Exercise: Repeat the records below word for word, but start at the line that contains "全场比赛结束,亚泰2-1击败大连人。", stop after the last line, and include nothing else.

(Items from a data source)
***
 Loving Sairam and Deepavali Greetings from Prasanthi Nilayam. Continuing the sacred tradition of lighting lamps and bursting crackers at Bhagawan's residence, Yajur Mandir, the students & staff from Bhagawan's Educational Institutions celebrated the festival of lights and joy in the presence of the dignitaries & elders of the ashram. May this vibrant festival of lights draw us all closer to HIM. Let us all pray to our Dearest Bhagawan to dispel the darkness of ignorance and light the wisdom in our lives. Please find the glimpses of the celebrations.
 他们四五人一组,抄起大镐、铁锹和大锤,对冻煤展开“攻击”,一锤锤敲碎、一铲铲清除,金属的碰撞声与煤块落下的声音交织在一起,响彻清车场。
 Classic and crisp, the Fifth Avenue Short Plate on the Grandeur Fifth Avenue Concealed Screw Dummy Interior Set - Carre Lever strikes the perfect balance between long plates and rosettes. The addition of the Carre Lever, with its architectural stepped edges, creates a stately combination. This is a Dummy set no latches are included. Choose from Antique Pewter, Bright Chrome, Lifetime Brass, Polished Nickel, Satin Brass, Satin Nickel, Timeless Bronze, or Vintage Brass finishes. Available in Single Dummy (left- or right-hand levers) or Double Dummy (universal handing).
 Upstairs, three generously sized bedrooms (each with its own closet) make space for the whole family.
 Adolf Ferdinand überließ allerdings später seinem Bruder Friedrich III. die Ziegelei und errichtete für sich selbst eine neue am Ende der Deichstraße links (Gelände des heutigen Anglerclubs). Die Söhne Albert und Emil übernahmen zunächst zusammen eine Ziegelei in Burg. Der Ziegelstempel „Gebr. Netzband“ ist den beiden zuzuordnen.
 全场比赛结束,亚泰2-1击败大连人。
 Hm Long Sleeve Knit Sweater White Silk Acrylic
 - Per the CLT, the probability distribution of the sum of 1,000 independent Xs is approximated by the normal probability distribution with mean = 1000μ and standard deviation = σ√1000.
***
Answer:
 全场比赛结束,亚泰2-1击败大连人。
 Hm Long Sleeve Knit Sweater White Silk Acrylic
 - Per the CLT, the probability distribution of the sum of 1,000 independent Xs is approximated by the normal probability distribution with mean = 1000μ and standard deviation = σ√1000.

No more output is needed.